__What you should do__. An exact copy of the lines, starting at the top of the listing and ending with the line that has "1 Krafft, Per, f", is the required answer. Pictures are not part of it.

__Available data__.
####################
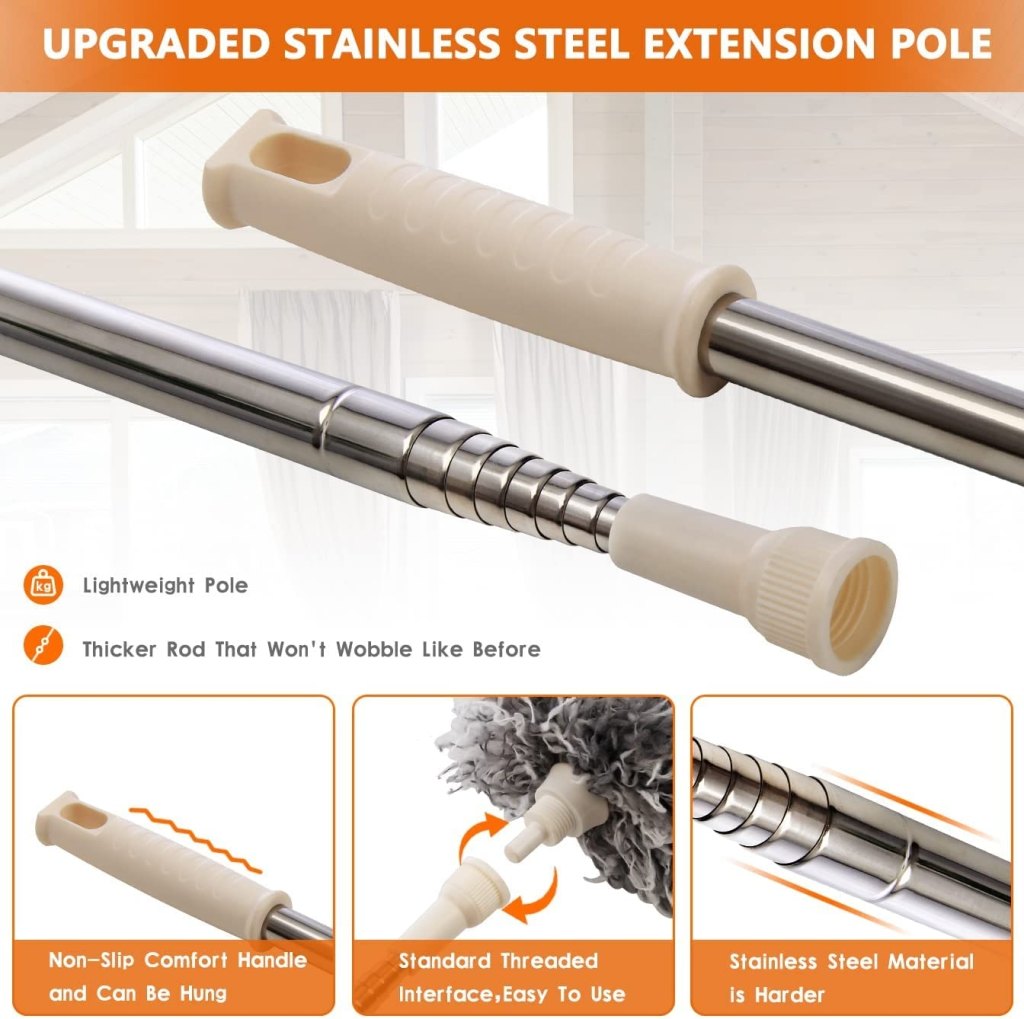 Extra-Long Extendable Pole: Stainless steel telescopic pole extends from 30" to 100", allowing safe access to high areas like ceiling fans, shelves, and windows.
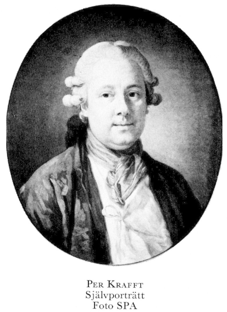1 Krafft, Per, f 16 jan 1724 i Arboga, d 7 nov 1793 i Sthlm, Klara. Föräldrar: handlanden Erik K o Anna Greta Cupp. Inskr vid UU 5 mars 36, elev hos porträttmålaren J H Scheffel i Sthlm 40—43, hos C G Pilo i Khvn 49—55, studier i Paris 55—62, förste hovmålare hos markgreve Fredrik i Bayreuth 17 april 62, prof vid konstakad där 62—64, studieresa till Italien 64—65, åter i Bayreuth 67, hovmålare hos Stanislaus II Poniatowski i Warszawa 20 sept 67—68, verksam i Sthlm från nov 68, erhöll understöd av slottsbyggn: direktionen för arbeten vid Sthlms slott 14 nov 70, prof:s n h o v 25 nov 73. — LFrKA 73.
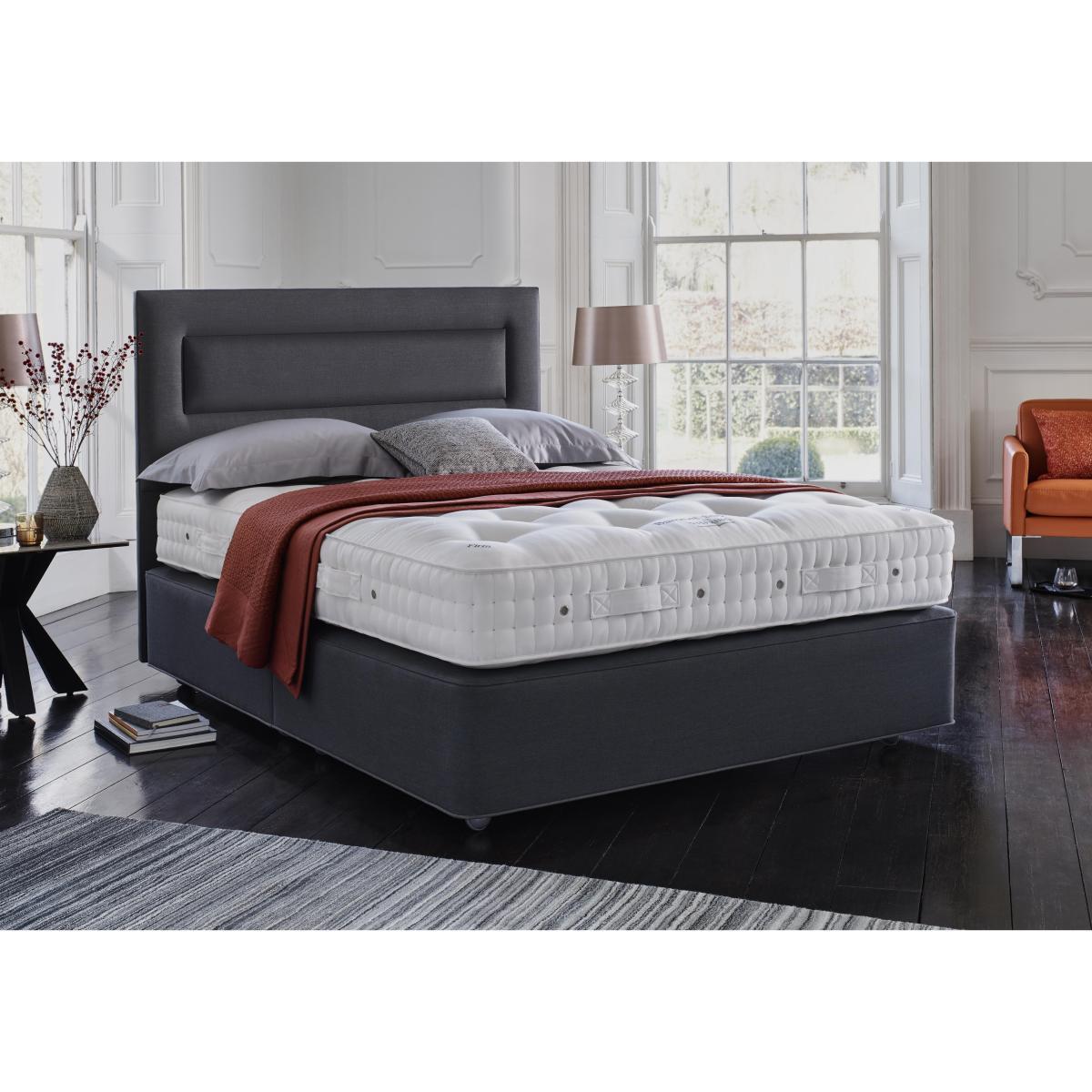 Invest in a better night’s sleep when you choose a Vispring Baronet Superb bed. The mattresses are made to order in a firm, soft, or medium comfort level. Luxurious, all natural fillings including British fleece wool, horsehair and cotton are layered around hand nested vanadium pocket springs. The sprung divans, with a choice of drawer storage, are crafted to the highest standards and upholstered in the finest Belgian fabric. Headboard is an optional extra. The Vispring Baronet divan set offers resilient support, cooling comfort and superb craftsmanship. The 21 cm mattress has 1326 six-coil springs in king size made of strong vanadium steel. They’re hand-nested in calico pockets, and layered with moisture-wicking fillings – horsehair, bonded British fleece wool and cotton, and blended British fleece wool and cotton. The mattress is covered with high-quality ticking and is hand tufted with felt washers. The wool-upholstered borders with air vents and horizontal handles are finished with two rows of hand side stitching. This well-crafted mattress comes with a sturdy timber-constructed divan base which incorporates optional storage drawers. The base has 600 hand-nested pocket springs in king size, and coir and blended British fleece wool and cotton fillings. Shown here in. Gem Prussia - Dark Grey (2027). The British-made Vispring Baronet divan set is part of the Vispring Baronet range. Product images are representative. Find out more. Please note. The mattress should be aired for four hours after delivery to freshen and remove any aroma from storage. It may take time for your mattress to attain its full size once the springs have settled to the correct position. This is due to the mattress being upright during transit. Settlement of fillings and indentations caused by body weight compressing the fillings are natural and not considered defects. This can be minimised by regular rotating (unless yours is a dual tension mattress).
####################
__Solved problem__.
 Extra-Long Extendable Pole: Stainless steel telescopic pole extends from 30" to 100", allowing safe access to high areas like ceiling fans, shelves, and windows.
1 Krafft, Per, f 16 jan 1724 i Arboga, d 7 nov 1793 i Sthlm, Klara. Föräldrar: handlanden Erik K o Anna Greta Cupp. Inskr vid UU 5 mars 36, elev hos porträttmålaren J H Scheffel i Sthlm 40—43, hos C G Pilo i Khvn 49—55, studier i Paris 55—62, förste hovmålare hos markgreve Fredrik i Bayreuth 17 april 62, prof vid konstakad där 62—64, studieresa till Italien 64—65, åter i Bayreuth 67, hovmålare hos Stanislaus II Poniatowski i Warszawa 20 sept 67—68, verksam i Sthlm från nov 68, erhöll understöd av slottsbyggn: direktionen för arbeten vid Sthlms slott 14 nov 70, prof:s n h o v 25 nov 73. — LFrKA 73.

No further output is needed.